O professor Yu, por ter vivido aquela época sombria, compreendia profundamente seu valor para o povo. O decreto do senhor apenas delimitava uma área onde não surgiriam monstros; o essencial era construir uma fortaleza sólida nesse espaço e cultivar alimento suficiente para saciar o povo.
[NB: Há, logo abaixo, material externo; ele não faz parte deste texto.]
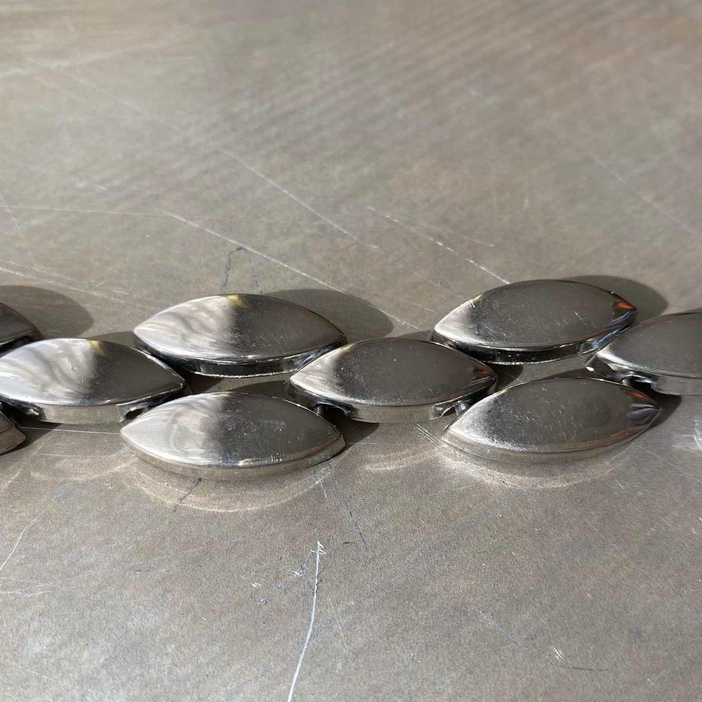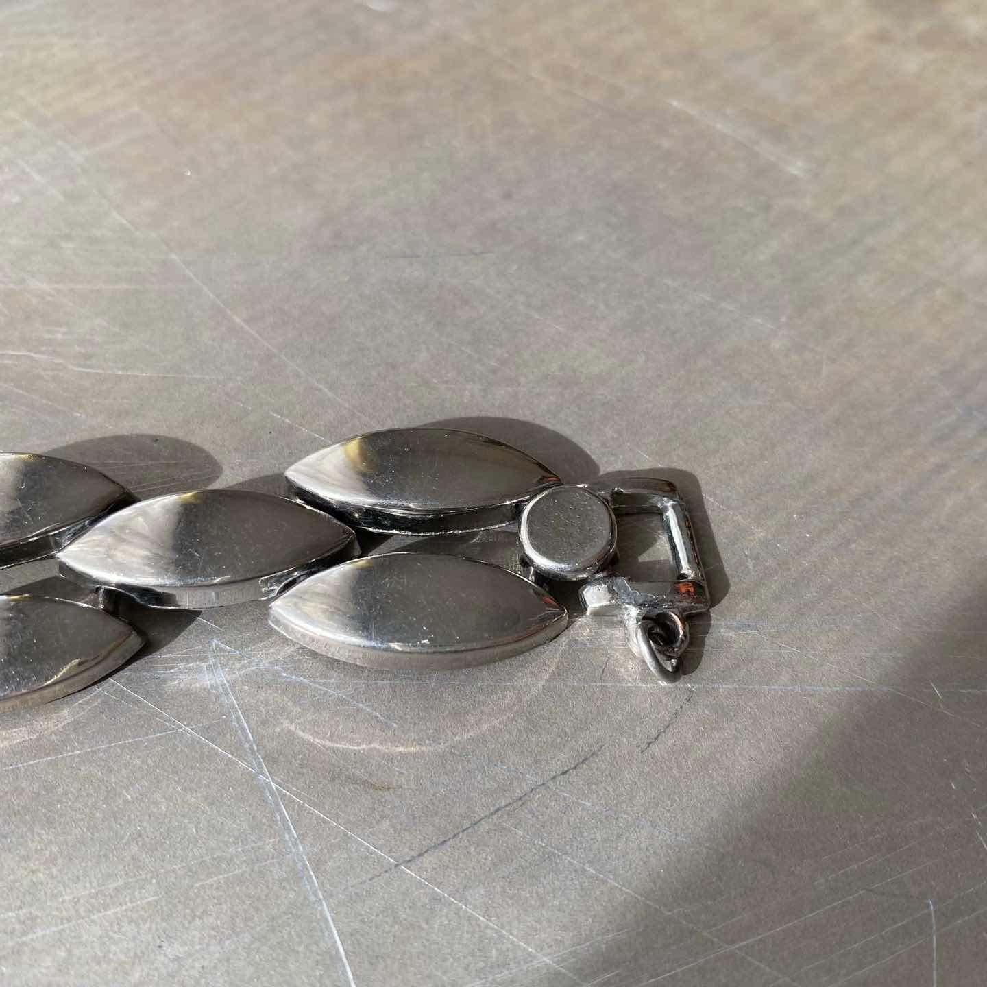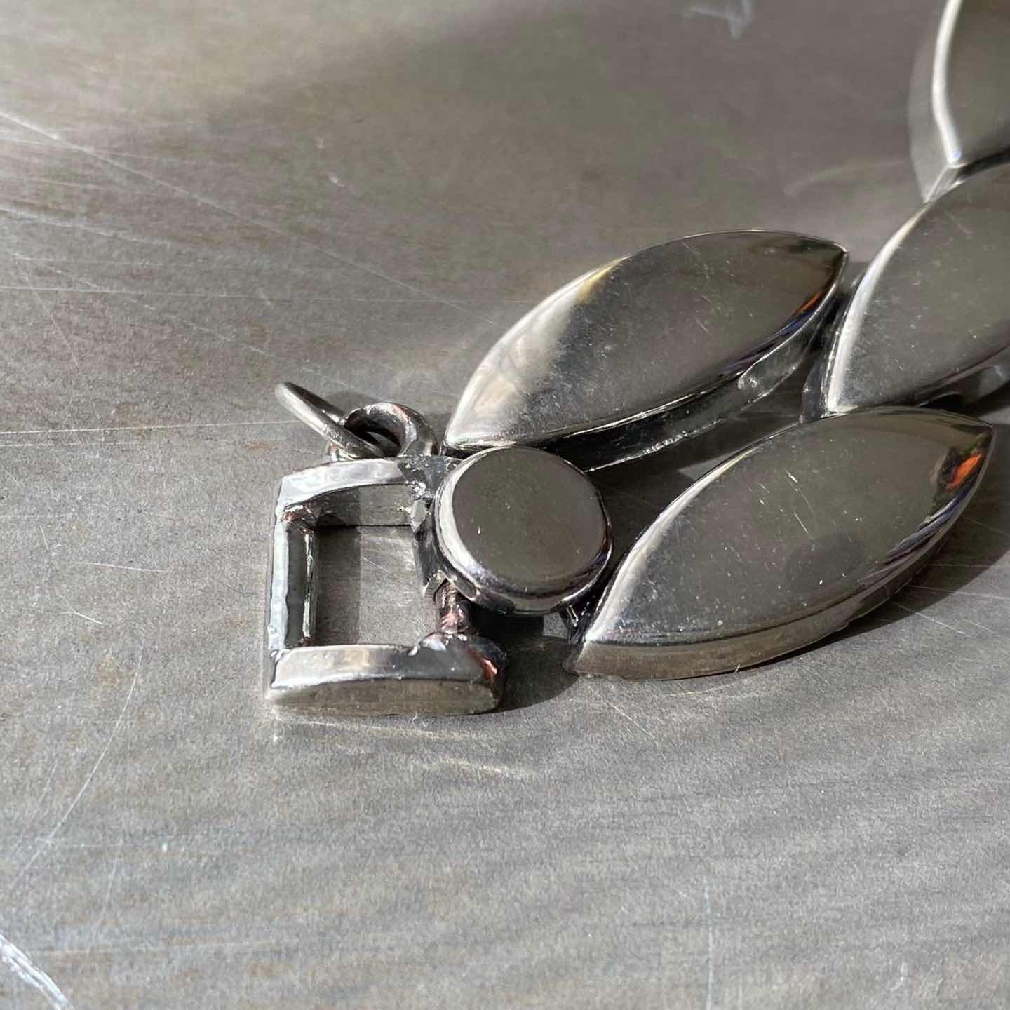 マーキス型のチェーンがお洒落なUSAヴィンテージブレスレット。重厚感のあるしっかりとした作りでレトロな雰囲気のセーフティーチェーンも魅力的。細身の方におすすめのサイズ感です。古着など様々なスタイルに合わせていただけます。 □Materials メタル(シルバーメッキ) □Size 全長 約15.5㎝ 幅 約2㎝ 厚み 約5㎜ セーフティーチェーン 約7.5㎝ 36g □Condition【C】 画像の通り留め具部分にメッキ剥がれやパーツにスレ等使用感がみられます。古びた雰囲気がお好きな方にオススメです。中古品であることをご理解のうえお買い求めください。 【S】未使用 【A】未使用に近い 【B】やや使用感あり 【C】使用感あり Item No.3340

Os sobreviventes já haviam partido, alguns em grupos, outros sozinhos. Apenas o grupo de estudantes que enfrentou os mortos-vivos permaneceu. Empurraram uma menina de cabelos curtos e óculos de armação escura em direção a Su Wulan.
— Su... Mestra, meu nome é Fang Yuan, fui eu quem colocou à venda o arco composto que você comprou. Precisamos de um ônibus para trinta e duas pessoas, custa quatro mil e quinhentas moedas de cobre, mas estamos faltando duas mil. Poderíamos pedir emprestado, ou trocar por algo.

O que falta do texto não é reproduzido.